# How influential are your city's NIMBYs



## MILIUX (Sep 13, 2002)

Just how powerful and influential is your city's NIMBY in over-turning planning and project decisions? 

In Sydney NIMBYs does have influence especially in the suburbs. They generally turn up in council meetings and demand the council to over-turn their decision or completely reject the proposal set by developers. But the state (provincial) government are in favour of development and would let it pass without local government consultations. Sometimes developers go to state government instead of local to try and get approval because knowingly there would be NIMBY resistance. 

There are NIMBYs in city as well especially though who want to retain their waterfront/skyline view.


----------



## Westsidelife (Nov 26, 2005)

They rule the city. NIMBYs along with dumb, self-serving politicians have been responsible for setting LA back 30-50 years. It's unbelievable.


----------



## dmarney (Jul 26, 2008)

What are nimby's??


----------



## nemu (Jan 19, 2008)

^^
Not-in-my-back-yard

http://en.wikipedia.org/wiki/NIMBY


----------



## FREKI (Sep 27, 2005)

MILIUX said:


> Just how powerful and influential is your city's NIMBY in over-turning planning and project decisions?


The bastards here are omnipresent and omnipowerful


----------



## nordisk celt83 (Dec 2, 2008)

Lived in Oslo, Norway for 10years when I was a kid, and I thought the NIMBYS there were bad until I moved to Dublin, Ireland. Anything above 4floors here is described as a monstrosity, and any type of redevelopment is shouted down. This leaves lots of dereliction and ugliness around the city.

Here's a picture illustrating the reaction a woman in a wealthy, Dublin suburb to a proposed 37storey building. (it was refused planning permission)


----------



## AAL (Sep 13, 2007)

nordisk celt83 said:


> Lived in Oslo, Norway for 10years when I was a kid, and I thought the NIMBYS there were bad until I moved to Dublin, Ireland. Anything above 4floors here is described as a monstrosity, and any type of redevelopment is shouted down.
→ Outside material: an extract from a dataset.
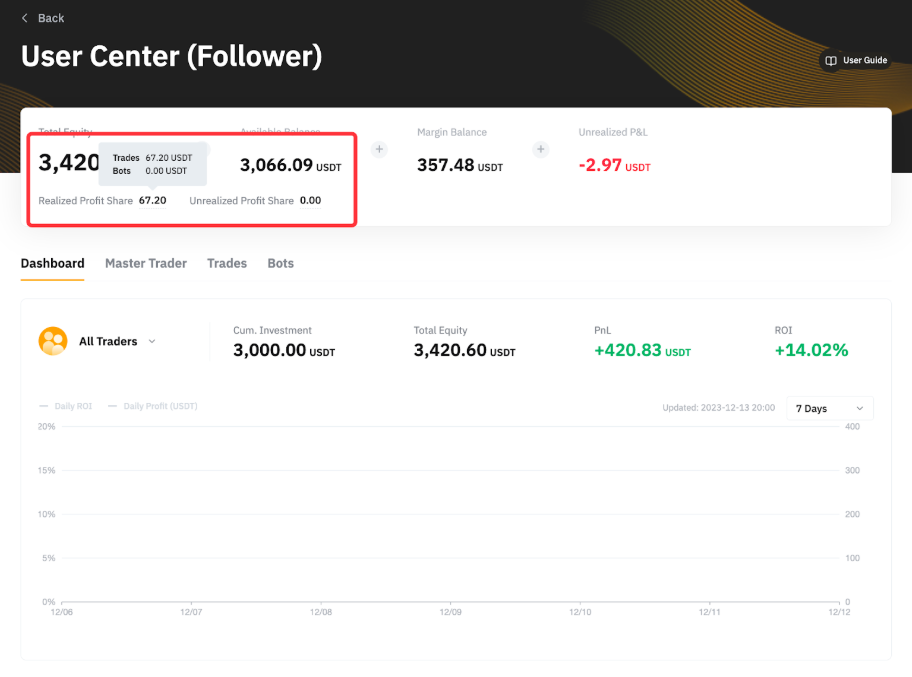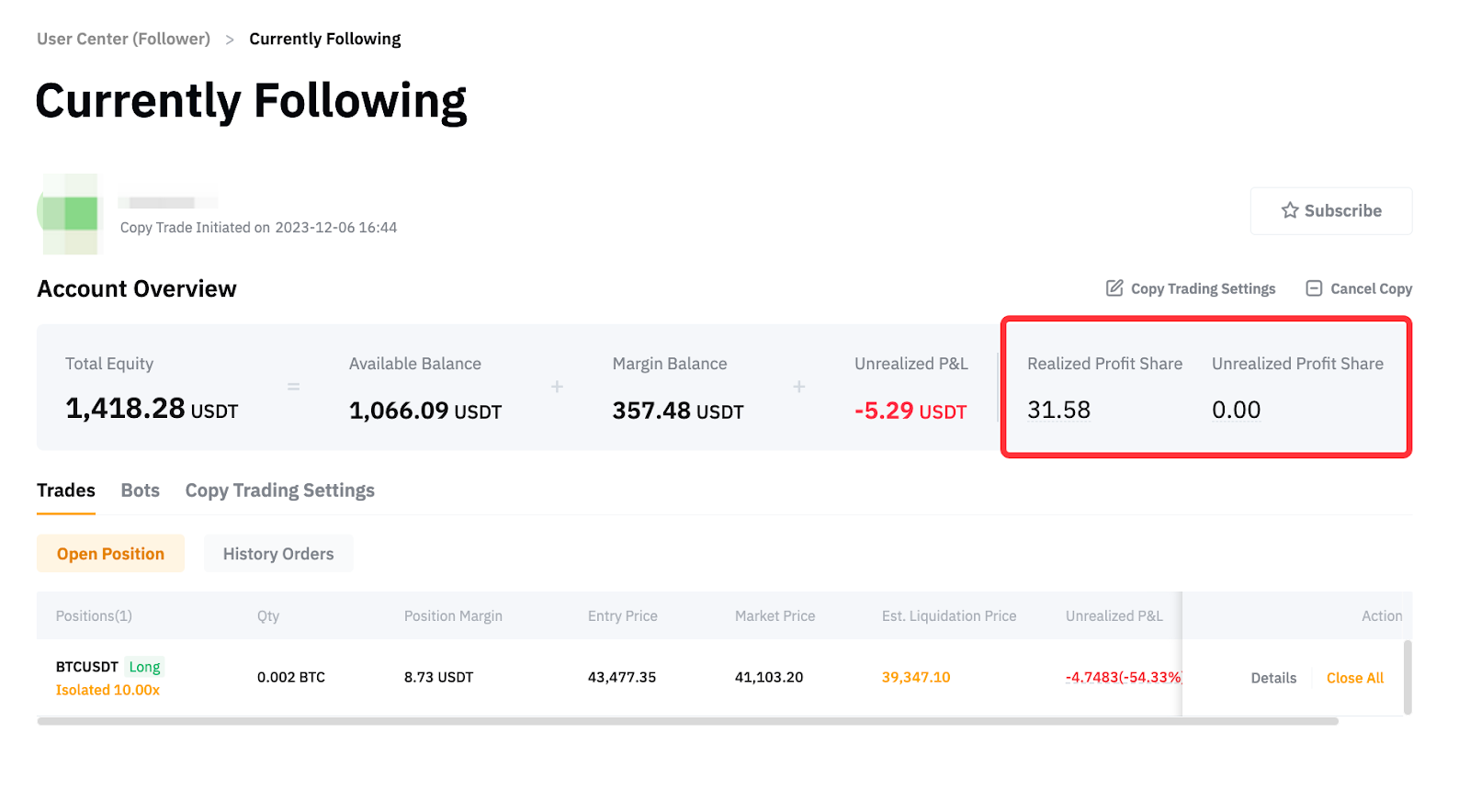 Перейдіть до Центру користувача (підписники), і ви зможете побачити свою Частку реалізованого та нереалізованого прибутку для угод за безстроковими контрактами в USDT.

This leaves lots of dereliction and ugliness around the city.


Sounds like Athens to me, 27 meters is the limit here! :bash::bash::bash:


----------



## socrates#1fan (Jul 1, 2008)

NIMBY’s have damaged development; however they have also preserved many important neighborhoods in our city.
Lockerbie Square is very similar to what it was like (architecturally) because of NIMBY’s who have preserved the single family homes and churches.
So, in a way they just balance things out, allowing our city to develop gracefully somewhat, so that at the end of the day we have development but the city still has the same feel. 

^^ 
Dude, I don’t know about the demands, but having skyscrapers isn’t all that glamorous.
Here, we had a height limit that produced a very European looking skyline of government structures, churches, and monuments, but we decided our city wasn’t good enough and removed the height limits creating for 30 years a strange skyline and then now we have vacancy issues and massive parking lots to fill the skyscrapers needs.
The glamour fades really fast.
Athens is beautiful the way it is.


----------



## philadweller (Oct 30, 2003)

Philadelphia almost had the UN. Nimby's killed it. The city is lucky to have broken the gentlemen's agreement and now allows supertalls. NIMBY's are good for historic preservation but sometimes they are selfish when it comes to their own little piece of the pie.


----------



## philadweller (Oct 30, 2003)

"Dude, I don’t know about the demands, but having skyscrapers isn’t all that glamorous."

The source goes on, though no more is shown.